* [PROBLEM DETAILS] Only the lines of the listing below that run from the line with "제철에만 만나볼 수 있는" through the line with "Стенка в гостиную" are to be set down, word for word. Pictures stay out.

* [RECORD EXCERPTS]
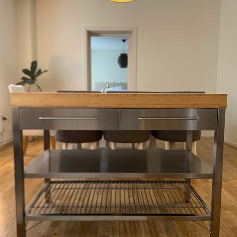Ikea köksö vit 6 lådor med laminatskiva.
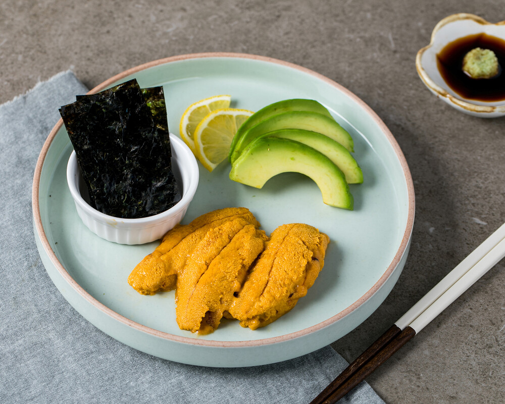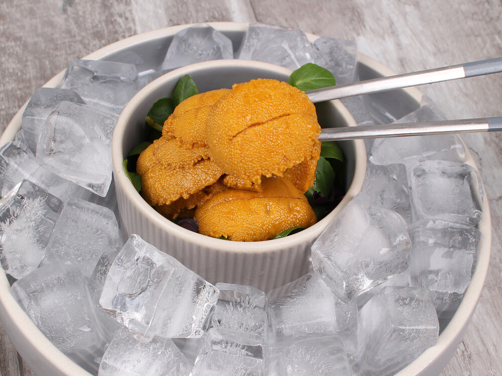 제철에만 만나볼 수 있는 생(生) 성게알은 우선 처음 한 입은 성게알만 입안에 넣어 그 본연의 맛을 느껴보시길 바랍니다. 그 다음에 약간의 소금을 성게알 위에 솔솔 뿌려 드셔보세요. 소금의 염도가 성게알의 달큰한 맛을 끌어올려 더욱 향긋해집니다.
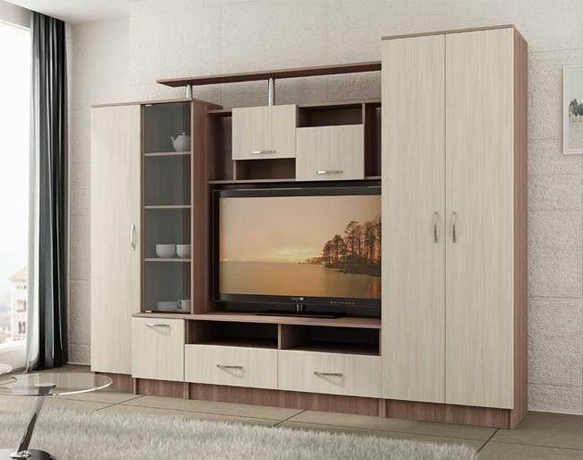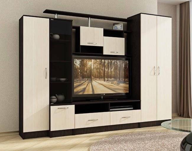 Стенка в гостиную – функциональная мебель, которая может служить как подставкой для телевизора, так и местом для хранения вещей.
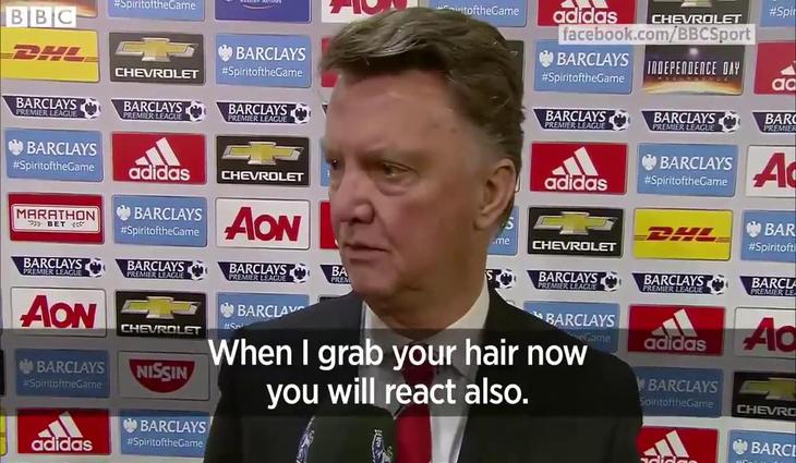 El técnico del Manchester United argumentó de una forma un tanto extraña una acción una acción entre Fellaini y Fuchs. "Si yo a ti te tirase del pelo, también reaccionarías. No está escrito en la reglas que se pueda tirar del pelo. Eso solo se hace en el sexo sadomasoquista. Ahí está permitido".
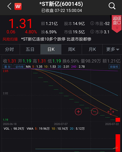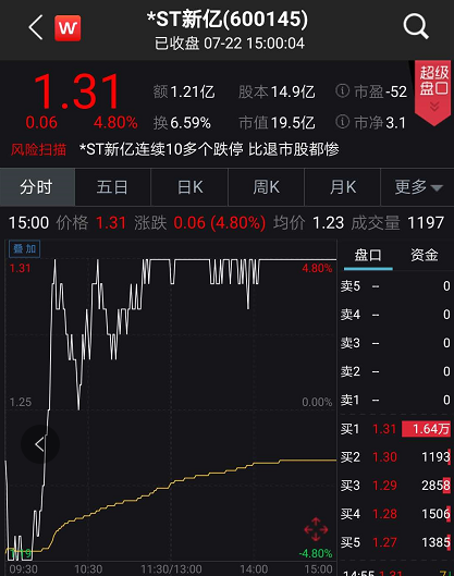 截至7月22日收盘,*ST新亿股价收报1.31元,当日成交金额达1.21亿元,市值为19.5亿元。

* [RESPONSE TO THIS EXERCISE]
 제철에만 만나볼 수 있는 생(生) 성게알은 우선 처음 한 입은 성게알만 입안에 넣어 그 본연의 맛을 느껴보시길 바랍니다. 그 다음에 약간의 소금을 성게알 위에 솔솔 뿌려 드셔보세요. 소금의 염도가 성게알의 달큰한 맛을 끌어올려 더욱 향긋해집니다.
 Стенка в гостиную – функциональная мебель, которая может служить как подставкой для телевизора, так и местом для хранения вещей.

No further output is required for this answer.